Виделось ей, как в бессилье скрюченный на морозе вгрызался зубами и руками в крутой склон дед, как он плакал и выкликал проклятия, как было уступил жизни поражению. Но вдруг зашептал, закашлял страшные слова, закрестился наоборот, оборвал гайтан и запустил прочь от себя нательник. И нашептал себе на проклятие страшное существо, не стоящее на месте, все время изломом двигающееся в пространстве, неясное, исчезающе-прозрачное, сливающееся с мраком ночи.

И заказал дед существу, чтобы тот, другой, молодой и сильный, канул со света вместо него, чтобы не было более ему старому в семье указа и опасности. Посулил за такое судьбы разрешение, беспредельно отчаявшись под гнетом обиды, любой от себя изъян, любое от души или тела избавление. И налетело ломающееся во все стороны существо, исчезающее в подлунном мраке, на деда и долго терзало его, вскидывая вверх длинные костлявые руки-поветвия, изымая нетелесные части его души, точно потроха вытягивало у птицы, на убой назначенной... (...)» (рассказ «Сани»).

Жизнь призвана бороться со смертью за самое себя; жизнь не хочет принимать назначенную смерть, обниматься с нею. И умирающий, оказывается, может со смертью договориться, ибо всемирной смерти, пустынного мирового «черного квадрата», нет, а есть всеобщая жизнь, и в Иномирии тем более: приговоренный старик не умирает, он остается жив, потому что, желая еще кусок времени прожить на земле, набрался храбрости и вышел на прямое общение с представителем Незнаемого.

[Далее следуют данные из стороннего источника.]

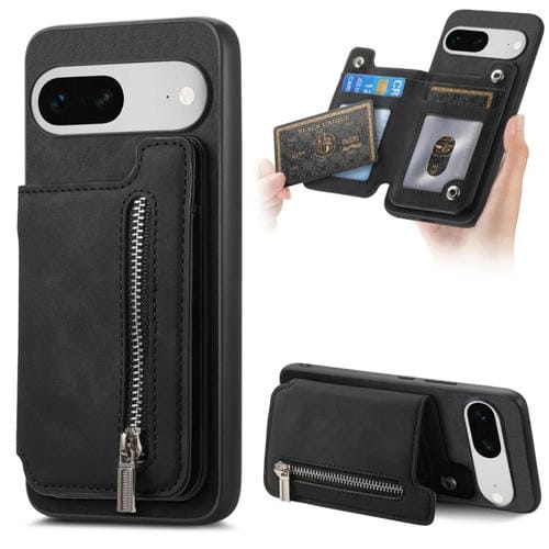 Funda para Teléfono con Cremallera Magsafe Retro para Google Pixel 7 Cartera con Tarjetero (Negro)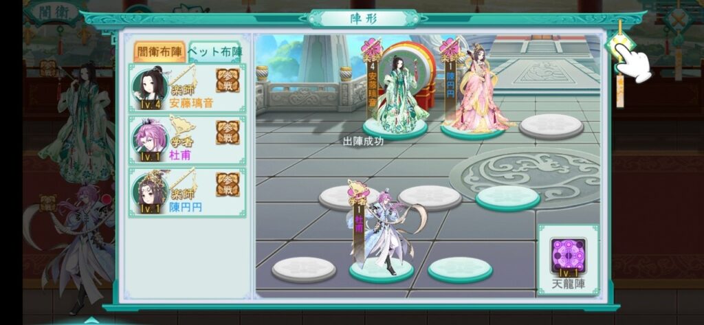戦闘前の編成で側近の陣営を整えればあとは自動で戦闘が繰り広げられます。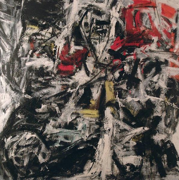 L'opera si caratterizza per una tecnica più propriamente gestuale e per l'uso espressivo e dirompente del colore. La pratica gestuale si concreta in una fitta trama di tratti colorati che percorre la tela nella sua interezza con frequenza e intensità variabili, generando una dinamicità interna. Segni e linee si dipanano su differenti piani, creando vortici di energia e diversi flussi di movimenti, centripeti e centrifughi. Il tessuto cromatico è caratterizzato dai contrasti, dalla tensione tra le ampie campiture del nero, del grigio e del bianco, dalle accensioni del rosso e le luminosità del giallo brillante al centro della composizione, con sporadici e dissonanti contrappunti di colore verde.
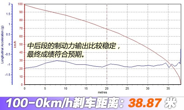 ????全力制動時車身有點頭的現(xiàn)象,但車身總體保持穩(wěn)定,最終成績?yōu)?8.87米,表現(xiàn)符合預期。這個成績在汽車之家的評價體系中,也屬于優(yōu)秀水平。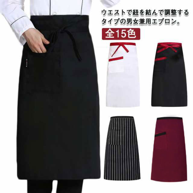 ミドル チェック カフェ エプロン ソムリエエプロン 腰巻き 前掛け サロン 無地 全15色 シンプル ストライプ柄 黒 フリーサイズ おしゃれ 業務用 男性用 男女兼用 制服 家庭 女性用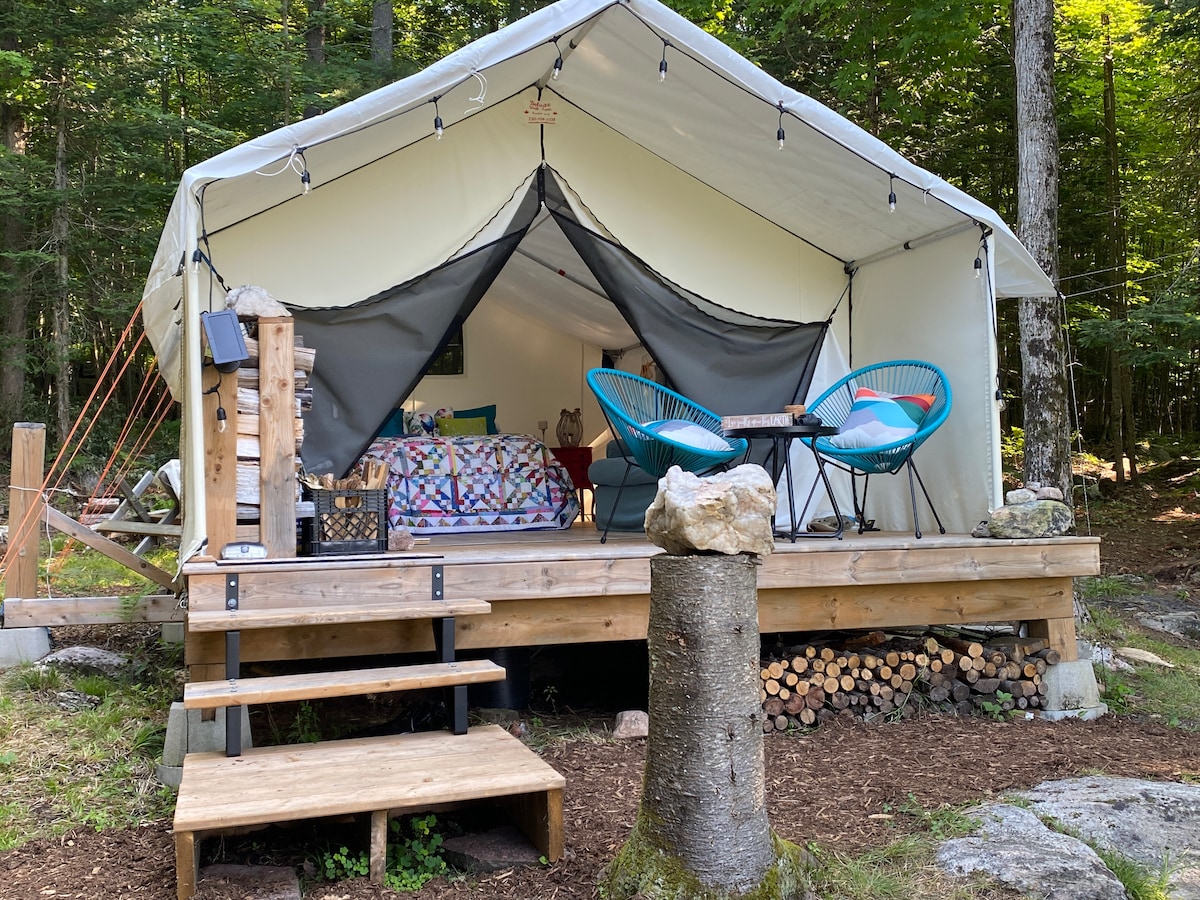 *Na Hipcamp-u smo proglašeni drugom osobom za najbolje glampovanje u Kanadi za 2023. godinu!* Savršena baza za sve obližnje šetnje, jezera i avanture na otvorenom. Pobjegnite od svega kada ostanete pod zvijezdama. Ušuškajte se u udobnom bračnom krevetu. Plovite niz potok. Opustite se u visećoj ležaljci uz dobru knjigu. Šator od 16,5 stopa nalazi se pored potoka koji protiče kroz živopisno imanje. Lokacija je opremljena bračnim krevetom, prostorom za sjedenje, ognjištem i stolicama Muskoka.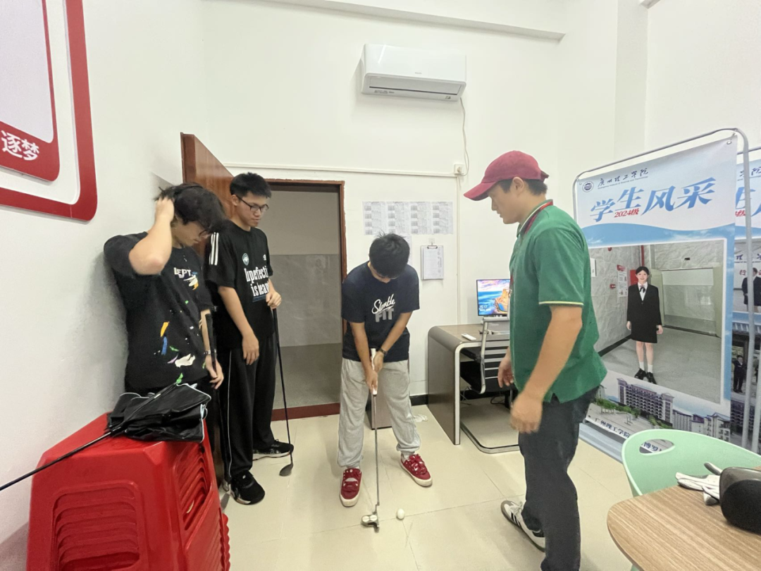 5月9日下午,我院在惠州校区宿舍3栋和4栋的社区活动中心精心策划了第十周社区活动。此次活动吸引我院十名怀揣着对高尔夫运动好奇与渴望的同学踊跃参与,同时,我院惠州校区陈朝阳老师亲临现场,向同学们讲解高尔夫相关知识。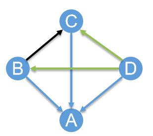 6下图中的A,B,C,D表示4个网页,箭头表示页面间的链接关系,比如B--->C,表示存在从页面B到页面C的一条出链,若PR_A, PR_B, PR_C, PR_D分别表示页面A-D的PageRank值,请基于课件中介绍的PageRank算法简单计算原理,给出PR_A的计算公式:PR_A = ( ) + ( ) / 2 + ( ) / 3.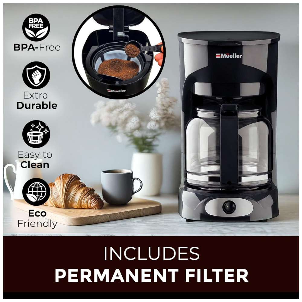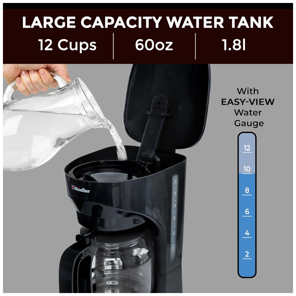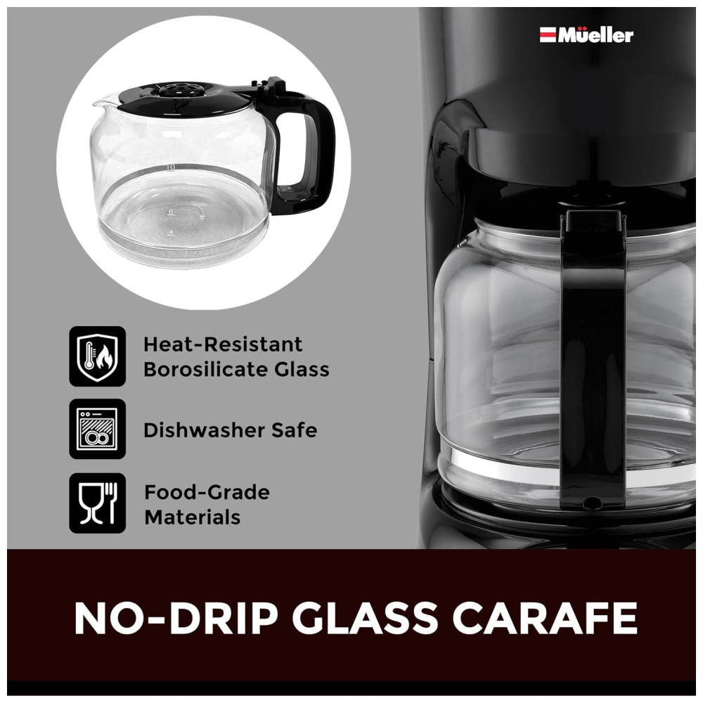 Cafeteira Elétrica 12 Xícaras com Jarra de Vidro e Função de Manter Quente 110V Mueller DC 550 Preta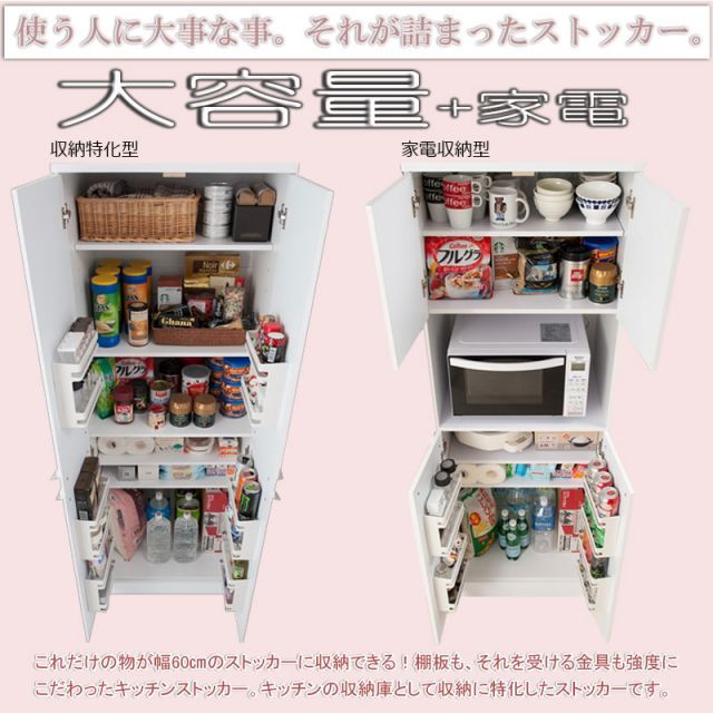 ■商品について/人気のキッチンストッカーに、レンジなど収納もできる家電収納型キッチンストッカーが登場。キッチン廻りの必需品を、大量にストック。ごちゃごちゃした物は板扉のストッカーで綺麗に隠す。しかもシンプルで取り出しやすいので詰め込んでも安心。扉内の付属収納ポケットは取り外し可能なので、好みで取付可能。扉はそれぞれ独立して開閉するので使い勝手も◎。乾物や食品ストック、お米、缶ビールやペットボトルの大量ストックなどこれだけのアイテムが収納できるキッチンストッカーは重宝します。品質にもこだわり、棚板を支える金具は抜け落ちにくいネジ式ダボを採用。頑丈な取っ手はタオルやキッチンツールを掛ける事もできます。前板には傷や水に強いハイグロスシートを使い、それ以外もプリント紙に樹脂コート加工をして傷や劣化強度をあげています。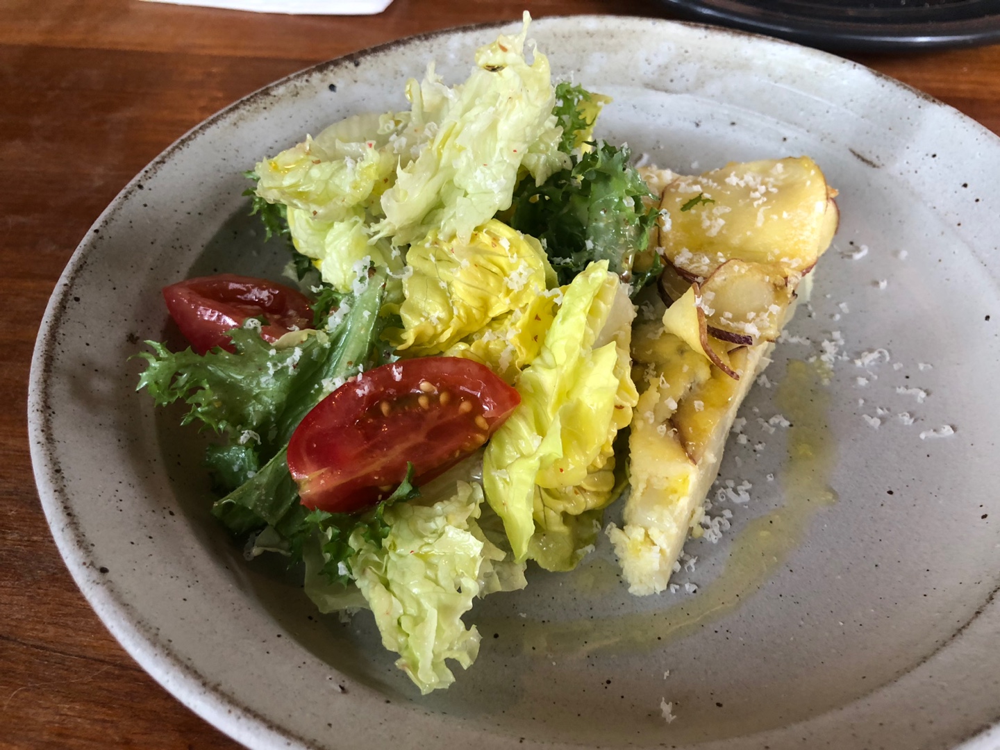 오늘의 메뉴에 포함되어있는 사이드인데요, 약간의 샐러드와 함께 곁들여서 나오는데요 약간 감자 팬케이크 같기도 한데 씹을수록 감자의 고소함과 부드러움이 느껴져서 좋았고 샐러드는 소스가 막 특별한 건 아니지만 상큼하니 좋았습니다.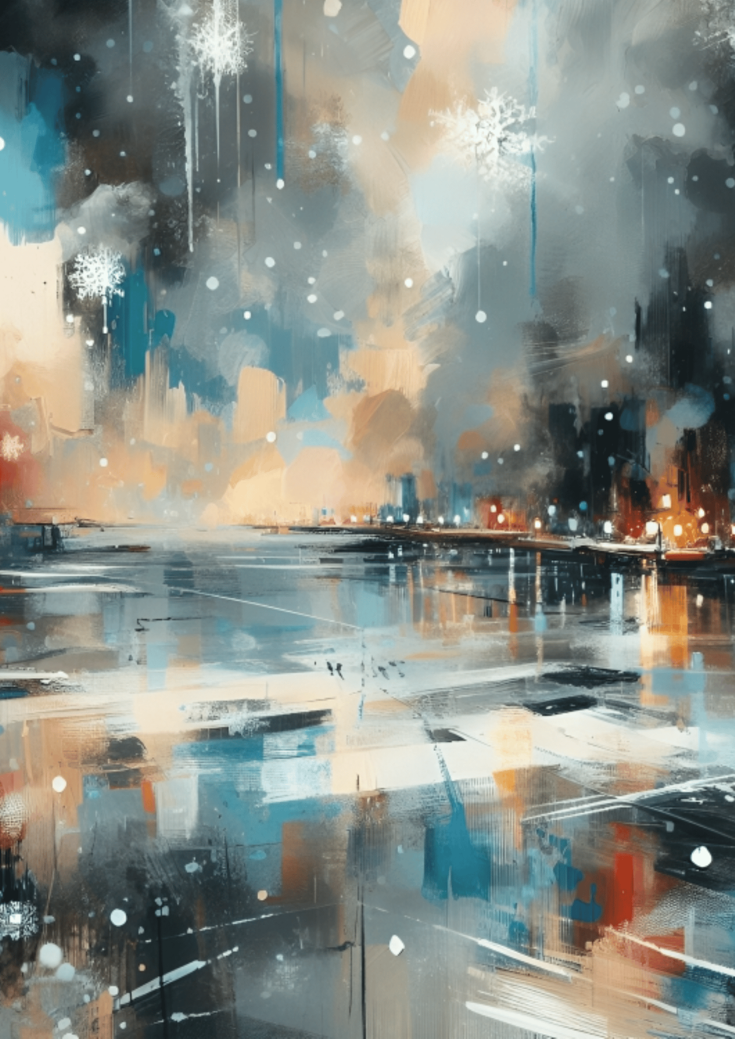Color expedition, Snowfall, Snowflake, Snow Abstract Art.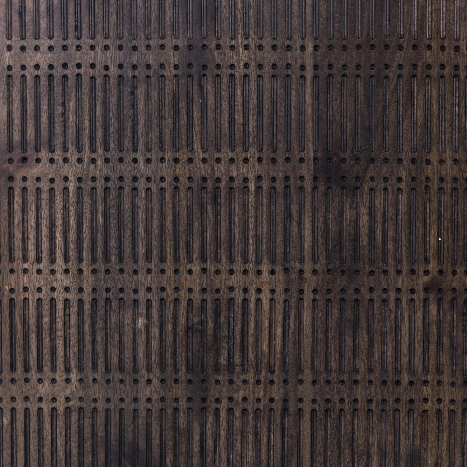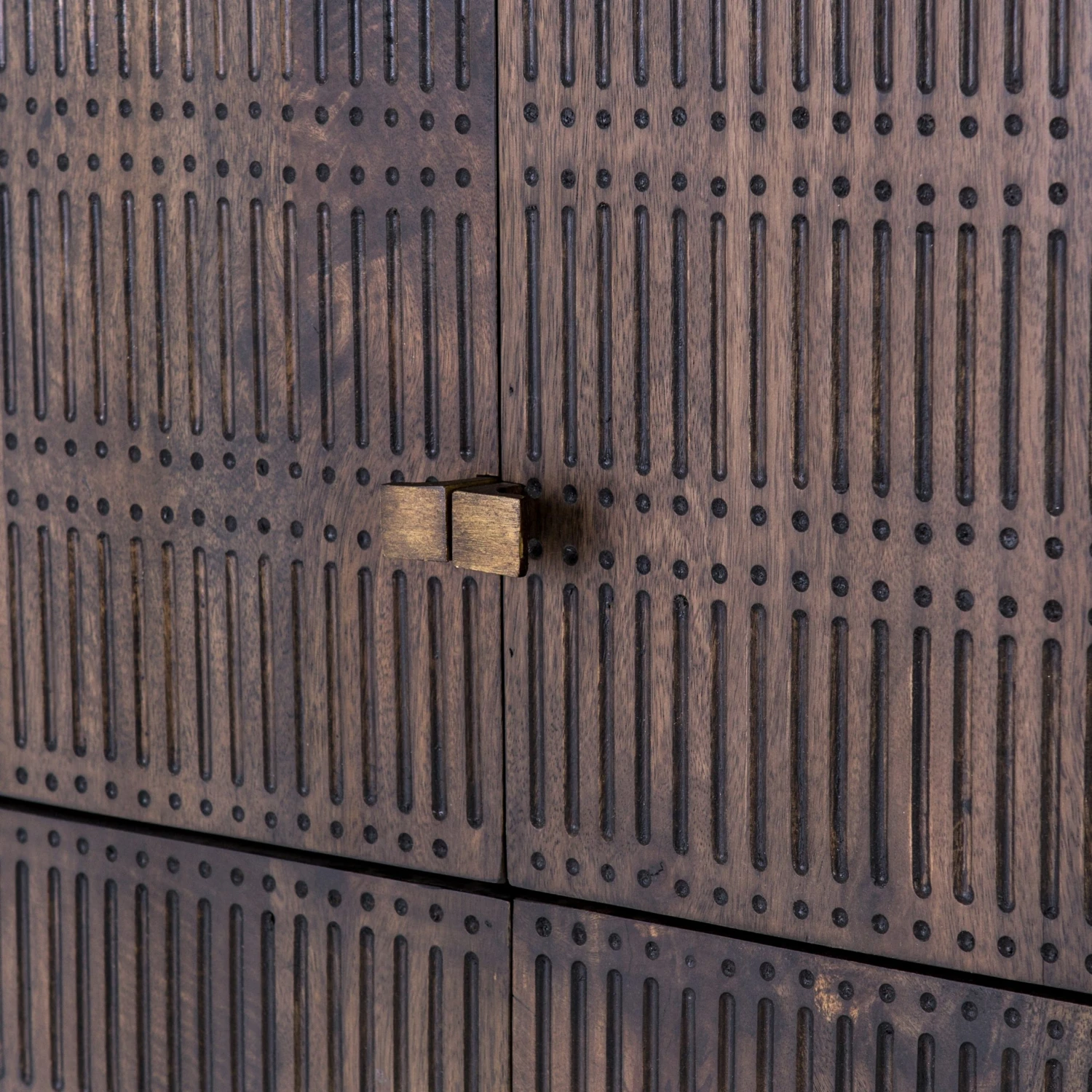 A carved geometric pattern takes this cabinet from piece of furniture to work of art. The richly-hued stain showcases the intricate work and a caged metal base keeps the piece from feeling too heavy. Pair with a Moroccan-style rug for a eclectic and global look.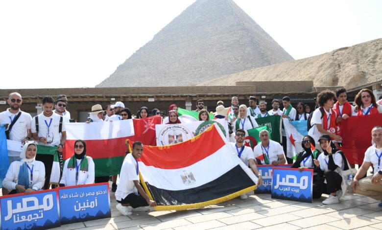شباب الوفود العربية يزورون الاهرامات وأعلام الدول العربية ترسم الملحمة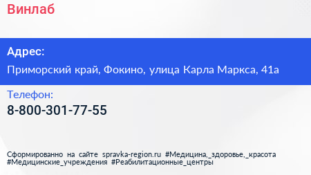Винлаб по адресу Приморский край, Фокино, улица Карла Маркса, 41а в дальнейшем Организация, размещена в следующих категориях:

Сын восхотел сгубить отца, а отец, получается так, на тот свет отправил сына. Кто кого! Так был нарушен древний жестокий уклад... Так в зимней таежной деревне, в зеркальном льду отражается страшная кровавая Библия.

«(...) — Где твой сын? — только и спросила Грая, не имея сил скрывать негодования, догадки свои жуткие и подозрения.

— Почем я знаю? Враз от оврага с вами ушел. Вишь, забрал рыску да кинул, а? — заскрипел осипшим голосом дед. — А мож, и нет, тож не было в схоронном месте рыски, обманул я его, чтобы себя поизбавить. А и равно не помогло. Чего удумали... на санках... — И дед недобро посмотрел на мать. — Волки, значит, али вепрь... кто теперь разберет. А из запасов своих кой-чего я, сноха, принес. Покрывай на стол, приокончим, так снова схожу. Глядишь, и забудется стужа. Да и в лес отправимся с Гарей. Давно уж его пора, отец совсем обабил, теперя я в руки парня возьму. — И дед всучил матери тугой мешок съестных припасов, направившись к мойке.

Мать задумала про себя зарубить деда первой же ночью. Выскочила в сени приглядеть инструмент, но вдруг как-то нечаянно сгорбилась, приосела, вспоминая детей уязвимых, незаступных своих, сознавая, что без крепкой руки, без дедовой рыски не выжить им в лютом краю.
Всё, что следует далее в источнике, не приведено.